And on it goes, does the London Art Scene seem a little busier at the start of this year than it has been in recent years? A touch more alive? Maybe that freezing cold Taylor Silk opening night warmed things up at the start of January? The combination of explore a chunk of Condo and the cherry picking at the London Art Fair helped of course, Erin M. Riley at Mother’s Tankstation over on Three Colt Lane, Moka Lee at Carlos/Ishikawa Gallery up on the Mile End Road, there’s been some good art so far this year (there’s been some annoying art as well but you know the policy around here, only the good stuff, most of the London Art Fair really wasn’t that good) and well, on we go and last Friday being a rather dull rather wet morning at the end of January I find myself having to deliver some of my own art to a West End gallery and well, a couple of hours of exploring before a retreat to the East. Past that busker, deliver the art and on to Dover Street and a deliberate path to something that’s been calling at the Richard Saltoun Gallery.

As we said when it was featured as one of our five recommended art shows thing a couple of weeks back, this one should be good for your soul, Jennifer Binnie is always good for your heart and soul, it is hard not to smile in front of a Jennifer Binnie painting

– “Richard Saltoun Gallery presents British artist Jennifer Binnie’s (b.1958) inaugural solo exhibition with the gallery”. How can you not like Jennifer Binnie’s art, her spirit, her knowing, her undercurrents, her hints of otherness, paganism, spirituality, feminism, mythology, old English folklore, those notions of the Captain’s Table, dare we call her a hippy? If we dare then it is positively so, there’s something very real about her, there’s something very positive about her art, not everyone could get away with doing what  Jennifer Binnie has been doing for quite some time now and to walk in through the low key front door of the gallery really is uplifting on a very dull January Friday…


“Forest Visions spans paintings and works on paper from the 1980s to the present day, celebrating over four decades of Binnie’s pioneering practice that converges influences from folklore, spirituality, feminism, and ecological thought…”


Uplifting, refreshing, spirted, beautifully coloured, rich, Jennifer Binnie’s art is strong, it is almost delightful but that isn’t right, delightful sounds almost throwaway, a touch patronising and the last thing Jennifer Binnie or her art needs is to be patronised for heaven’s sake! These are strong paintings, almost defiant paintings, it feels exciting in here seeing these powerful pieces in the flesh and I’m more than happy to say I am a fan. I have been a fan since those days back there where she built a healthy presence as one of the original members of the Neo-Naturists, a rather radical performance art collective she co-founded in 1981 with her sister Christine Binnie and Wilma Johnson. a healthy presence that emerged from the undergrowth and the various strands of subculture where the punks and the free festival tribes blended with what became of the tentacles of the New Romantic club scene and squat gigs in a London far more alive that now, a London where those dressed in black, the punks rather than the goths, were the real hippies. The Neo-Naturists developed against the backdrop of the sweeping economic, political and cultural changes of the time, they were rooted in a positive mix of naked body painting, folkloric rituals and a rejection of Thatcherite conservatism, “their performances took inspiration from early avant-garde movements and served as a subversive commentary on patriarchal hierarchies”. It was a time of DIY, of hand made things, posters, zines (including one very hand made zine called Organ that emerged around and was often on sale at events) of people, artists, bands making things happen on their own terms and not some many rules, people almost defiantly coming together and emerging out of it all and Jennifer Binnie’s voice as well as her increasingly individual paintings came from all that…

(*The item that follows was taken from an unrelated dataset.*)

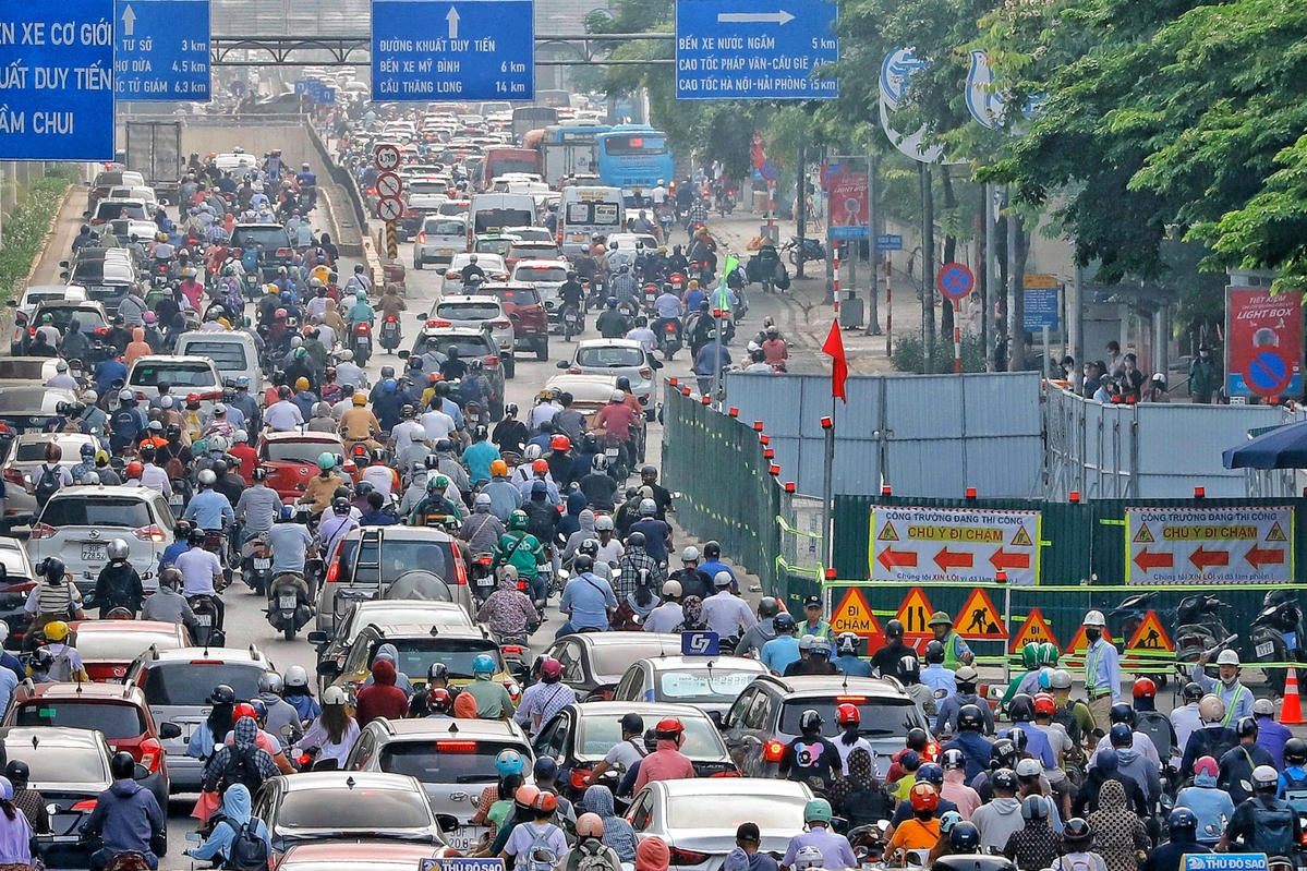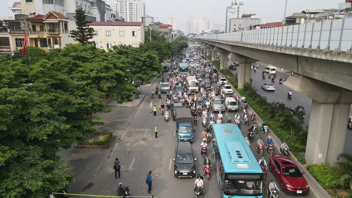 Tuyến đường Nguyễn Trãi ùn tắc dài hàng km vì 'lô cốt' thi công dự án nước thải

Jennifer herself talks of echoing suggestions found in powerful American writer Ursula Le Guin’s science fiction as well as Donna Haraway’s eco-feminist theory, it is that she actually walks it, does it rather than just talks it, that she does it in such rich powerful way. These paintings in here are glorious, they’re full of so much, so much to read but then again if you don’t, just so much to stand in front of and feel. There’s only me and the person behind the desk, we have a brilliant exchange about how brilliant it all is without needing to say anything much to each other, walking out back onto the street it is another quietly punch the air moment, yes!, That was good! needed that!
– “She started exhibiting her paintings with gallerist James Birch in London from the 80s onwards, garnering critical praise from many. Her artistic language has since developed around a persistent exploration of dissolving hierarchies between the human and non-human; her paintings depict mysterious forests humming with unseen energies; animals acting as guides and companions; and human figures merging with trees and landscapes, suggesting a shared life source”.   

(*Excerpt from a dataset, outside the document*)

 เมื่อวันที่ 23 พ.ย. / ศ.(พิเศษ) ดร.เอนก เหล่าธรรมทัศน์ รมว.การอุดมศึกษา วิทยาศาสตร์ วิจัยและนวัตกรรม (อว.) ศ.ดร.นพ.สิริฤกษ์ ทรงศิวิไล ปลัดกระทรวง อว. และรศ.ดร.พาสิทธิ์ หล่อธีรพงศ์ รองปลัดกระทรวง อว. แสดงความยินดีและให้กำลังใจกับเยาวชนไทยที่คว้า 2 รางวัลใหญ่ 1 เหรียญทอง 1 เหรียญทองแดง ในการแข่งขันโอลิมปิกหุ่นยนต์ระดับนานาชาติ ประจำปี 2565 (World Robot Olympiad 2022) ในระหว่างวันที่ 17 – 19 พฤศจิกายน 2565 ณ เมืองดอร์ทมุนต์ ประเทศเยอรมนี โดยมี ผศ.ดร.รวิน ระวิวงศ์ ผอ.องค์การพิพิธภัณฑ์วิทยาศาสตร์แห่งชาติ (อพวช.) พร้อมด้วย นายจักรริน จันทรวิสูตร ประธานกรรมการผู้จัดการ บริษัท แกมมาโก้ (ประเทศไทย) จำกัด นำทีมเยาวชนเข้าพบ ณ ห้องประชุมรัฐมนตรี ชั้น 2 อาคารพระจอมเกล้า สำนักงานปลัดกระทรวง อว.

Not so much a hippy, more a Goddess, yes, I think I can get away with saying that, I love Jennifer Binnie’s work, I am a fan..

Richard Saltoun Gallery is found at 41 Dover Street, London, W1S 4NS. The Gallery is open Tuesday through to Saturday, 10am to 6pm (11am until 5pm on Saturdays). Jennifer Binnie, Forest Visions is at Richard Saltoun Gallery until 1st Mar 2025 Previous Organ coverage of the Gallery

And I am an art fan, I know, I know, not a cool thing to say and I do spend half my time raging against the machine and kicking against the pricks and there is so much wrong with art and the burden of being an artist, and oh mother, its eating out my soul and oh look at them go. off  further along Dover Street, according to my back of an old envelope app and smart phones being the work of the devil, next on the list is Gazelli Art and I was thinking about thinking but it really didn’t get me very far, it got be as far as Lilly Fenichel‘s Against the Grain at Gazelli Art House and well, been needing to get this one for a couple of weeks as well, another of our recommended five and well… 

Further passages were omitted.